The latest
OpenAI had planned a broad launch for GPT-5.6 but pulled back after the US government — briefed on the model’s capabilities before release — asked for a narrower rollout. Access is currently limited to selected partners through the API and Codex, with wider availability planned for ChatGPT and the broader API in the coming weeks.
Details
- GPT-5.6 is a three-model family: Sol is the flagship, Terra is the balanced everyday model, and Luna is the faster, lower-cost option. Pricing runs from $1 per million input tokens for Luna to $5 for Sol.
- OpenAI says Sol scored 91.9% on TerminalBench 2.1 in Ultra mode, ahead of Claude Mythos 5 at 88%. Those figures come from OpenAI’s own preview materials and have not been independently verified.

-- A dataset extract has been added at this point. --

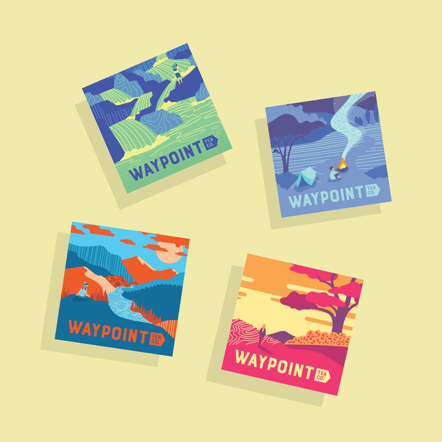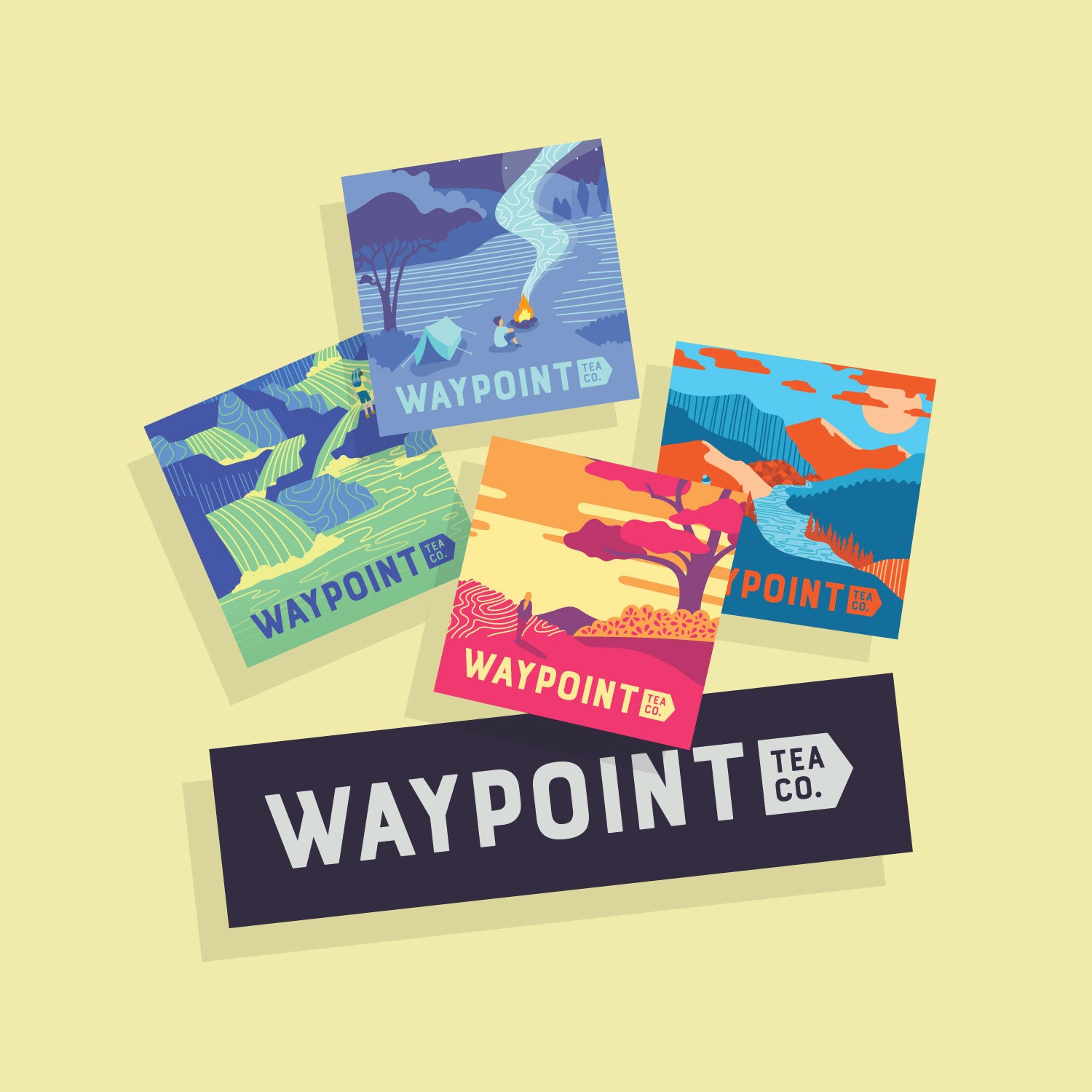 Be the first to show your Waypoint pride and grab a complete pack of our launch range sticker collection. Includes a long bumper sticker which is UV coated for outdoor use and four limited edition square vinyl stickers with scenes from our signature range: Waypoint Breakfast, Hibiscus Lemongrass + Peppermint, Earl Grey and Peppermint.

- Sol introduces Ultra mode, which distributes complex tasks across parallel subagents — a shift that could affect extended coding sessions, security analysis, and scientific workflows.

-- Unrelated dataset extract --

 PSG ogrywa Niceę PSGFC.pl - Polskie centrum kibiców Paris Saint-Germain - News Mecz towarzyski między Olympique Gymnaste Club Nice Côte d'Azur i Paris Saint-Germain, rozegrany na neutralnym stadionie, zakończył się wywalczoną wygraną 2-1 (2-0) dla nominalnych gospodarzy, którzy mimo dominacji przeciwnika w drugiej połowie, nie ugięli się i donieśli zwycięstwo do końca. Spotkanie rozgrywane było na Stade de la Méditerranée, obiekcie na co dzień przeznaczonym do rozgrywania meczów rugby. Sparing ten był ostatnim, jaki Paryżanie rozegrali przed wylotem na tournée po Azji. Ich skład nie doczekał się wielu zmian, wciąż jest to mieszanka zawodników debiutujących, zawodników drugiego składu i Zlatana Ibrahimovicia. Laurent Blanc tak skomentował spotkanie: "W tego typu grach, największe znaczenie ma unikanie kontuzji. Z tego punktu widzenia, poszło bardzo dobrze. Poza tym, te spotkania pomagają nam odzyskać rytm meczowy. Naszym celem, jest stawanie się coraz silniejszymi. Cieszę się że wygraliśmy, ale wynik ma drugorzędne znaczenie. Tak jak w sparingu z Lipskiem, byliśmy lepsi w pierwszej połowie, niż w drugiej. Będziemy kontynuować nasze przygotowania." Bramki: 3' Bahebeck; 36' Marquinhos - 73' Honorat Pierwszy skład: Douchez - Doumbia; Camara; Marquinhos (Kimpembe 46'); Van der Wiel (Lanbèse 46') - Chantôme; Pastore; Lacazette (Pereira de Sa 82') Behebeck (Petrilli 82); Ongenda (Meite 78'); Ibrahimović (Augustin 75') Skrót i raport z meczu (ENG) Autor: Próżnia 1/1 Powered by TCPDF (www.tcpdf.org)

- OpenAI says Sol does not cross its “Cyber Critical” threshold under the Preparedness Framework. In testing, the model identified vulnerabilities and exploit primitives but did not autonomously produce functional full-chain exploits.

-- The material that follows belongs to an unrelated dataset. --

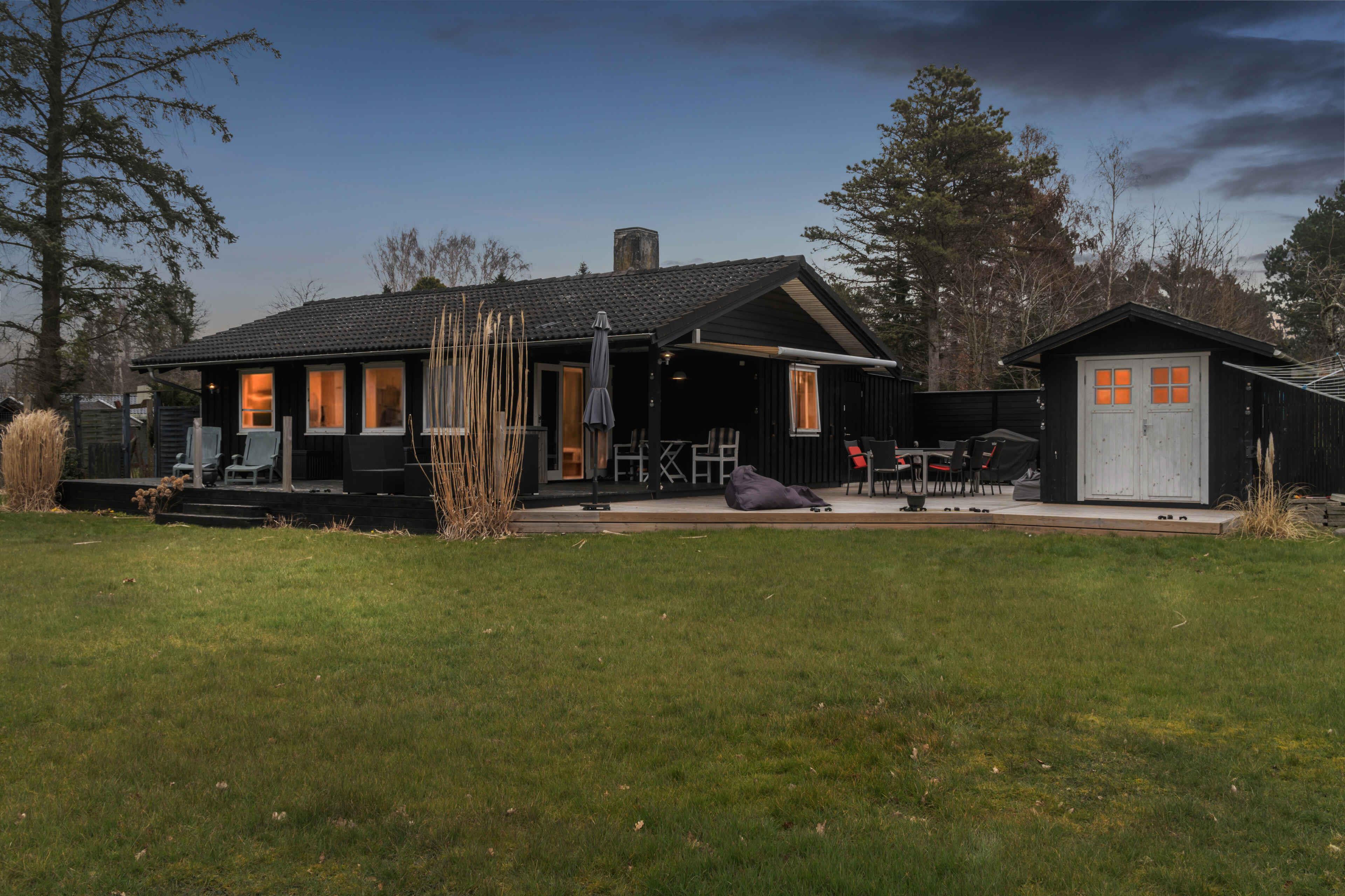 Sommerhus, rolige omgivelser, stort terrassemiljø

- Safeguards include model-level refusals, real-time misuse classifiers for cybersecurity and biology, and account-level review. OpenAI used more than 700,000 A100-equivalent GPU hours for automated red-teaming against universal jailbreaks.
- CEO Sam Altman said this type of limited rollout may be warranted when models reach major new capability levels, but added it is not the process OpenAI considers optimal long-term.
- Anthropic previously took down Fable 5 and Mythos 5 following a US export control directive. In both cases, government action is now shaping who accesses frontier models and when.
What to watch
The capability story is secondary to the access question: when does GPT-5.6 move from trusted partners to general availability, and what criteria govern that transition? OpenAI says it is working with the administration on a repeatable framework for future releases. Until that framework is public and tested, every major frontier model launch carries the same uncertainty — government review is now part of the release cycle.